– Ну как, Витя, – спросила она, наливая ему очередную чашку душистого чая из самовара, – состоялась твоя сделка?
Вопрос прозвучал привычно строго. Отработав всю жизнь в школе и уйдя на пенсию в почетном звании завуча старших классов по учебно-воспитательной работе, Валентина Васильевна на всю жизнь сохранила четкую дикцию, металлически-наставительные нотки в голосе и требовательный взгляд поверх очков, который, по-видимому, призван был приводить в смущение юных нарушителей школьного спокойствия.
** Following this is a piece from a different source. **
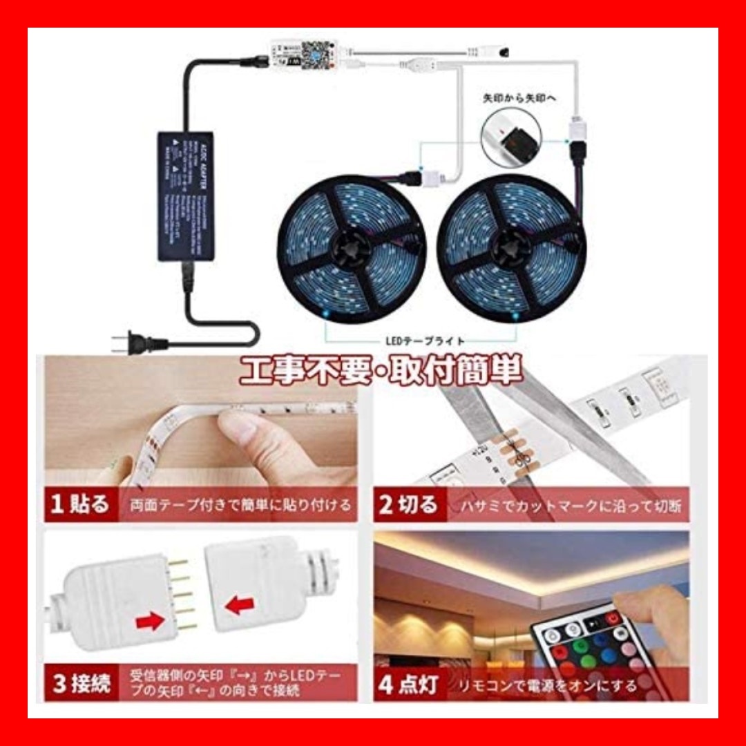 アプリ操作可能!LEDテープライト 音に反応  リモコン付き 5m×2
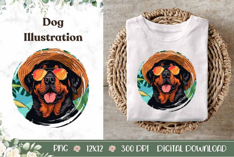 Summer Rottweiler Dog llustration, Cute Rottweiler Dog PNG example image 1

И во время своей долгой пенсионной старости – а матери уже исполнилось семьдесят восемь – Валентина Васильевна неизменно вела самый активный образ жизни: ездила в родную школу консультировать молодых и неопытных учителей, занималась множеством немыслимых для сына общественных дел при кружке ветеранов и чуть не круглый год возилась в земле, разводя на своем немалом теперь участке цветы и сажая зелень…
– Состоялась, – кратко ответил Виктор, кладя себе со старинного, из немецкого фарфорового сервиза, блюда кусок пирога с корицей («Только в обед испекла, как чувствовала, что ты приедешь!»).
– Выгодная?
Волошин молча кивнул, стараясь откусить кусок побольше. Рот наполнился знакомой, напоминающей о детстве, сладостью.
Сейчас Виктору, который еще вчера был готов рассказывать о контракте с итальянцами каждому встречному, совсем не хотелось об этом говорить. Мать поняла это и поспешила перевести разговор на другую тему.
– Вот, посмотри, статью тебе отложила. – Она достала с полки сложенную газету. Одна из заметок была обведена красной ручкой. – Тут пишут о вреде этих ваших сотовых телефонов. От них действительно очень сильное излучение, которое плохо влияет на здоровье.
Читать Виктор не стал – ему это было совершенно неинтересно. Его раздражала эта ее безграничная и бездумная вера печатному слову. Но говорить об этом и обижать мать он не собирался. Поэтому просто сложил газету и торопливо сунул ее в карман.
– Потом посмотрю, – пообещал он.
День клонился к вечеру. Начавшийся с отдыха и приятных необременительных занятий, он завершался в самом что ни на есть благодушном состоянии, на веранде дома в Привольном. Пахло деревом и свежим тестом с корицей и ванилью. Кресло – удобное, но не слишком мягкое, в самый раз – нежило уставшую поясницу, располагало к покою и отдыху. С веранды сквозь сад, за которым ухаживал приходящий садовник, открывался прекрасный вид на пруд, где дрожало, дробясь оранжевыми бликами в замершей водной глади, отражение закатного солнца.
– Ты никогда ничего мне не рассказываешь о себе, – с упреком проговорила Валентина Васильевна.